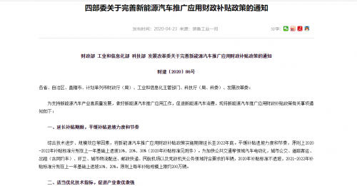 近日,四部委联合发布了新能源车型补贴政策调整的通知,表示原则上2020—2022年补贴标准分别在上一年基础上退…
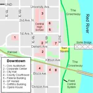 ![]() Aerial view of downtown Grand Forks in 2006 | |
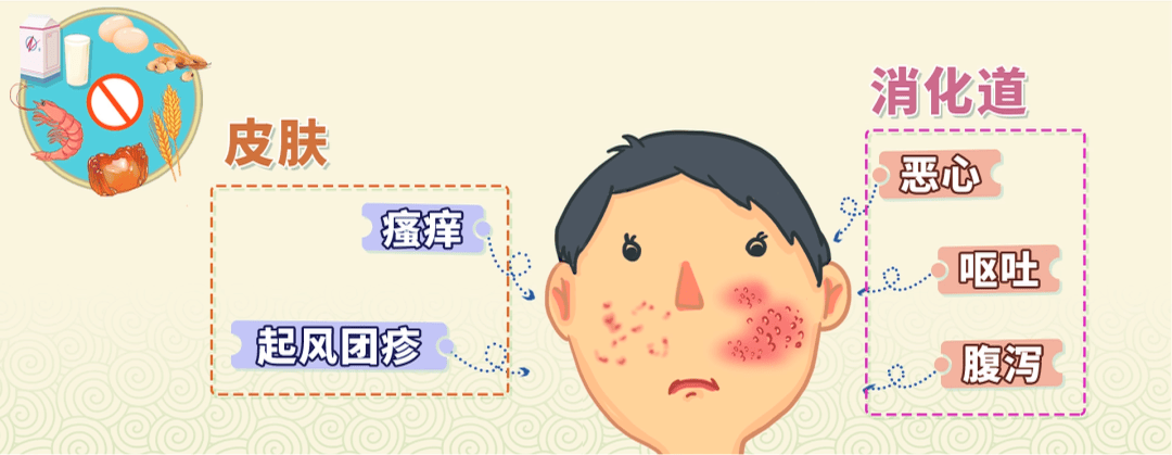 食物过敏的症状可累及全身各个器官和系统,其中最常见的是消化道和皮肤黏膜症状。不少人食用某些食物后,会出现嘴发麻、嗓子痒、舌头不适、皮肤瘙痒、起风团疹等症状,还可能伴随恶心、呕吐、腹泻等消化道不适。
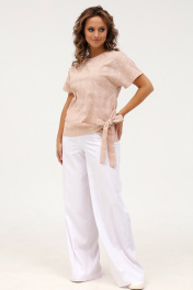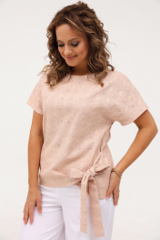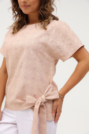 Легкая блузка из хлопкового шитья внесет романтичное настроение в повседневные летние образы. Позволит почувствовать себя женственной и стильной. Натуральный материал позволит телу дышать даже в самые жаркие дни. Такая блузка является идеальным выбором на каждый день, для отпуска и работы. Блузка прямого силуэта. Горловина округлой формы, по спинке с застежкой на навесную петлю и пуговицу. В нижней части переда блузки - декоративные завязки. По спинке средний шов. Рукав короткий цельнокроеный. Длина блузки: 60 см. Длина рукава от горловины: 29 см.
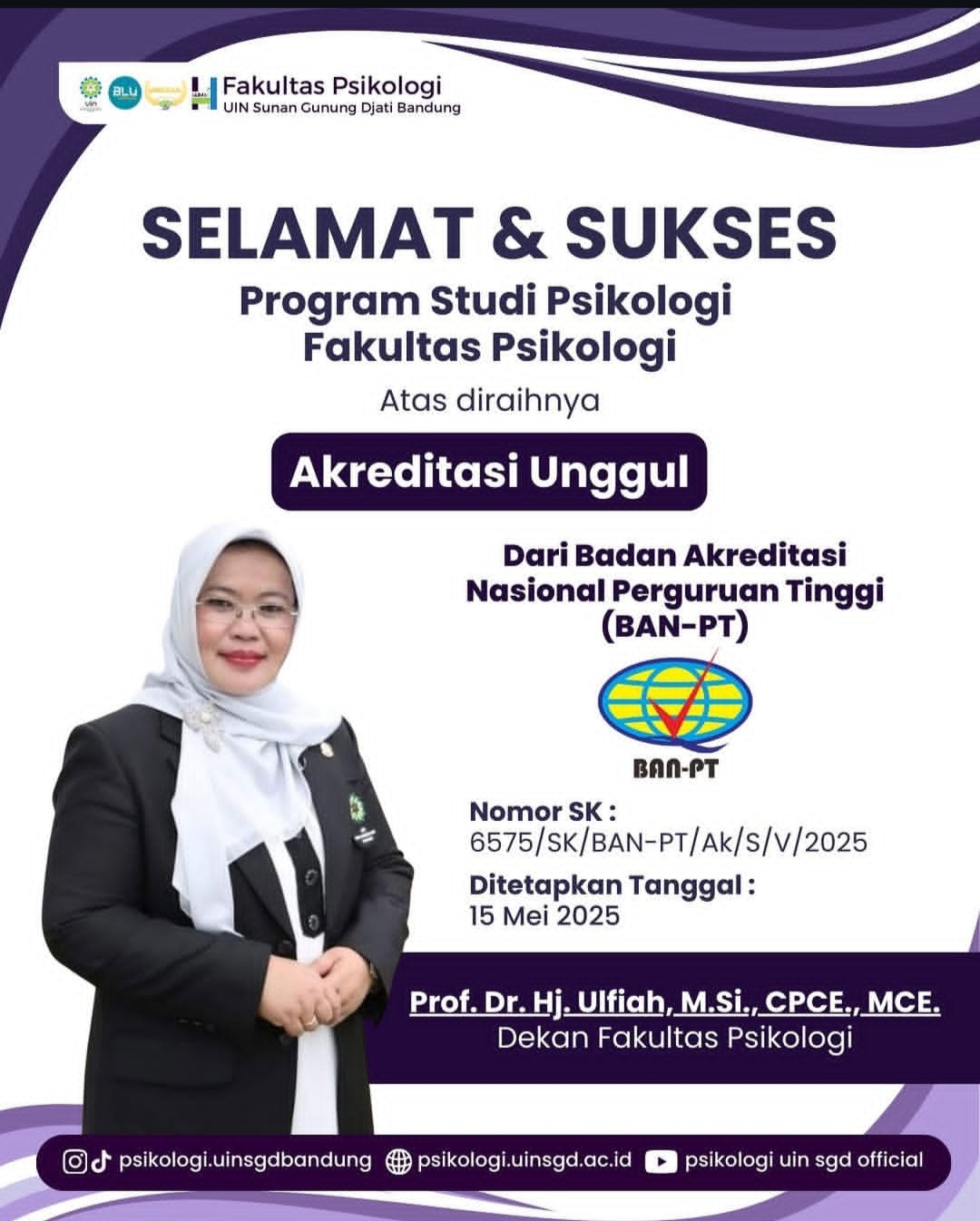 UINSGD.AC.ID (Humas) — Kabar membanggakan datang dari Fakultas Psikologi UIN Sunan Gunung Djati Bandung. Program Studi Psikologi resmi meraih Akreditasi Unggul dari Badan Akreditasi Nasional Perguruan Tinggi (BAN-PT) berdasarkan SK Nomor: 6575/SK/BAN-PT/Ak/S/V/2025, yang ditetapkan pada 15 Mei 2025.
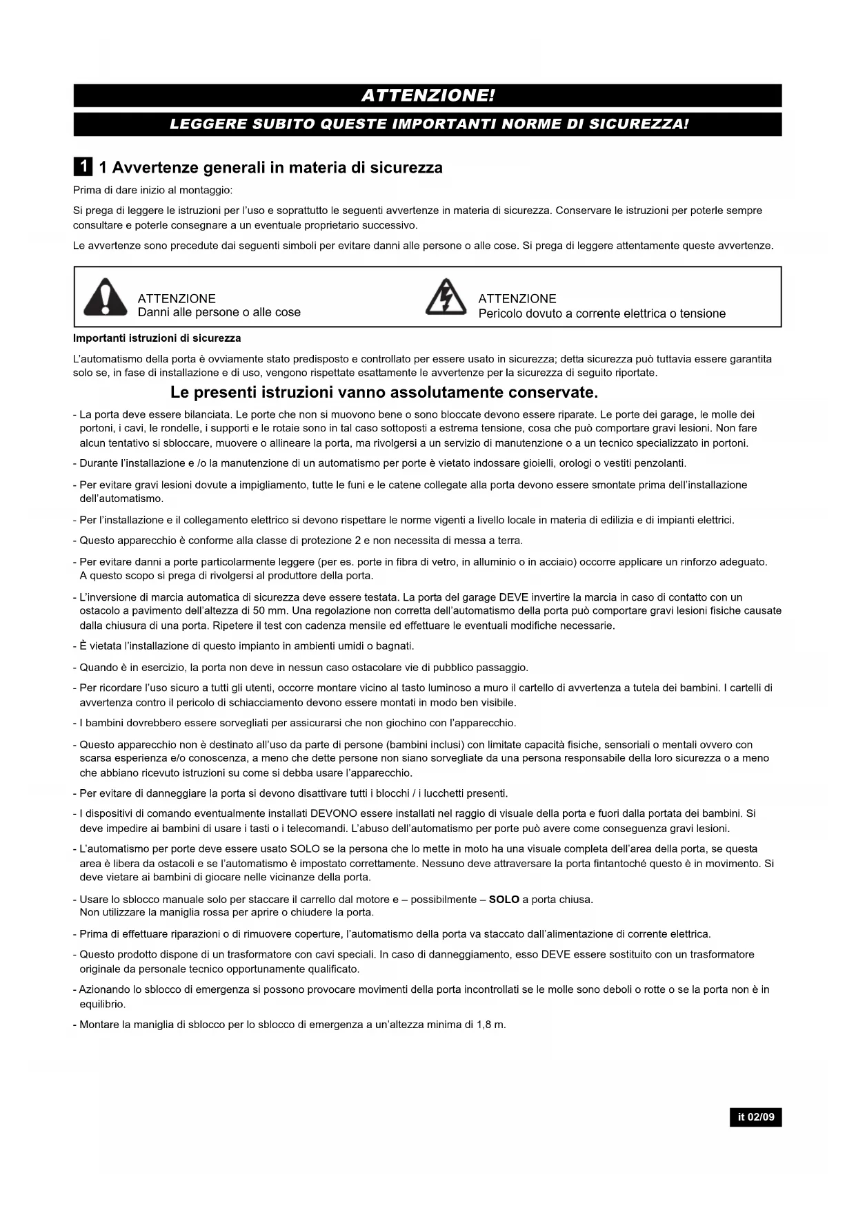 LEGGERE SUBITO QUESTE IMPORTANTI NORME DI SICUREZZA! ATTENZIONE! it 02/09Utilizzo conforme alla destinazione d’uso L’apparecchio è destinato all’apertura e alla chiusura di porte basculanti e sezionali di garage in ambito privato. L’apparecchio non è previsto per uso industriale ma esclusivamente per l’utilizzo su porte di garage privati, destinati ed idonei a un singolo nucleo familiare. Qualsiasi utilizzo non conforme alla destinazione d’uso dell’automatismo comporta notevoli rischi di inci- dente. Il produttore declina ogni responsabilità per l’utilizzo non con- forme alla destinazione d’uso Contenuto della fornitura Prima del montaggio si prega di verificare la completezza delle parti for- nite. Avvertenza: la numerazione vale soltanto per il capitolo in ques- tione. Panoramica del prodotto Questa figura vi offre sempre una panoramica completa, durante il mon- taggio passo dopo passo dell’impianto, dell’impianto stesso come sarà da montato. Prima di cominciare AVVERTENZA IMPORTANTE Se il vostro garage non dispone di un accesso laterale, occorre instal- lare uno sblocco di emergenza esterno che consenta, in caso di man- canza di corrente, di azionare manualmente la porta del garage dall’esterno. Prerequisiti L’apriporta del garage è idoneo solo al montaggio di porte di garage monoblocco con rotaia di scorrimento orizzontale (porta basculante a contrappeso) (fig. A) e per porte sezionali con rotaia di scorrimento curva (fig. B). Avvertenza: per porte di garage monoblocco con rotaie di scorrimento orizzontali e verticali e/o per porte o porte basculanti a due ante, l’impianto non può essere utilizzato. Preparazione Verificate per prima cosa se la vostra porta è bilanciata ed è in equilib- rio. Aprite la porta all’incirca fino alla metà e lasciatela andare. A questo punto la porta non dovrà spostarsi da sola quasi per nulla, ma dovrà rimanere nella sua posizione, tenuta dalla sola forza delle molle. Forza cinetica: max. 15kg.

----------------

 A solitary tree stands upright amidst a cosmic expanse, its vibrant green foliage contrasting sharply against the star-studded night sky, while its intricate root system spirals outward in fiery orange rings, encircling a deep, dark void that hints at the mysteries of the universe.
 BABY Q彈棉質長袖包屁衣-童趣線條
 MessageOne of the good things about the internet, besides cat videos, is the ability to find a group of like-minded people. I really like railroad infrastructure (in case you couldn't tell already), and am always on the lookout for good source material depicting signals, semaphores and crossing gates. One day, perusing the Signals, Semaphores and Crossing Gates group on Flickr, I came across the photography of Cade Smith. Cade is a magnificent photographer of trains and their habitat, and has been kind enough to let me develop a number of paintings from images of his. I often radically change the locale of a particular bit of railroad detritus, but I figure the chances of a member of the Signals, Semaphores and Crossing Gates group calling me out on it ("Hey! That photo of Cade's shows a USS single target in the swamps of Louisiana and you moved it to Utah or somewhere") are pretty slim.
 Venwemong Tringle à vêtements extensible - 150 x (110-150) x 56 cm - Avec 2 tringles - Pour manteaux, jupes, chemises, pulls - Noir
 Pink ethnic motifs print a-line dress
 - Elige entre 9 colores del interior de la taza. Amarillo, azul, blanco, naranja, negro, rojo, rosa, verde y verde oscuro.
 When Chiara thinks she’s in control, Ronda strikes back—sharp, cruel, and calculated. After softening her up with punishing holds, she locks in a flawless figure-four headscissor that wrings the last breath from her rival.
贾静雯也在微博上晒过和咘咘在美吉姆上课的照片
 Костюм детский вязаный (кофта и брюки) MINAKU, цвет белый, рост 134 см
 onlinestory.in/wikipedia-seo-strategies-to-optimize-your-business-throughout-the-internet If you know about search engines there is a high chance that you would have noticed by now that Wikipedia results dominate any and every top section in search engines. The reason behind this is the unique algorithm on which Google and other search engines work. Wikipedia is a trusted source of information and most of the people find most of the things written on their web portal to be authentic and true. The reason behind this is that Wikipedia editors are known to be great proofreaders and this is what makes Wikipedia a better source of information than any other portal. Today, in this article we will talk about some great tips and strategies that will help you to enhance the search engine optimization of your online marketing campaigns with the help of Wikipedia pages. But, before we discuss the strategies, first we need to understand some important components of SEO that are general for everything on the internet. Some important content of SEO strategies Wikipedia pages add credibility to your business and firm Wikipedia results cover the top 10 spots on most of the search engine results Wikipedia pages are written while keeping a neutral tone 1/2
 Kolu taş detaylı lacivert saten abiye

----------------

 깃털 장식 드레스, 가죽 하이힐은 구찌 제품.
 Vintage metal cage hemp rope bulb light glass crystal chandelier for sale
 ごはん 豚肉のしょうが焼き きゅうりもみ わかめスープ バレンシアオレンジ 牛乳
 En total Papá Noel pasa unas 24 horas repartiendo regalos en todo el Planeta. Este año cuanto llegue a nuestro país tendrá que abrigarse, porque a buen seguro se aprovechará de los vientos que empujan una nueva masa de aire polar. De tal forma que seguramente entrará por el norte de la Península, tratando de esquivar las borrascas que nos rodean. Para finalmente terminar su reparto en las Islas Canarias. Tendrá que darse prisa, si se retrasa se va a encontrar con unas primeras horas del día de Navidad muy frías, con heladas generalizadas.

----------------

[WORK ITEM] Give back exactly the lines of the listing above from the one that contains "Легкая блузка из" up to and including the one that contains "UINSGD.AC.ID (Humas) —", but not the pictures, and no other lines.

[EXERCISE ANSWER]
 Легкая блузка из хлопкового шитья внесет романтичное настроение в повседневные летние образы. Позволит почувствовать себя женственной и стильной. Натуральный материал позволит телу дышать даже в самые жаркие дни. Такая блузка является идеальным выбором на каждый день, для отпуска и работы. Блузка прямого силуэта. Горловина округлой формы, по спинке с застежкой на навесную петлю и пуговицу. В нижней части переда блузки - декоративные завязки. По спинке средний шов. Рукав короткий цельнокроеный. Длина блузки: 60 см. Длина рукава от горловины: 29 см.
 UINSGD.AC.ID (Humas) — Kabar membanggakan datang dari Fakultas Psikologi UIN Sunan Gunung Djati Bandung. Program Studi Psikologi resmi meraih Akreditasi Unggul dari Badan Akreditasi Nasional Perguruan Tinggi (BAN-PT) berdasarkan SK Nomor: 6575/SK/BAN-PT/Ak/S/V/2025, yang ditetapkan pada 15 Mei 2025.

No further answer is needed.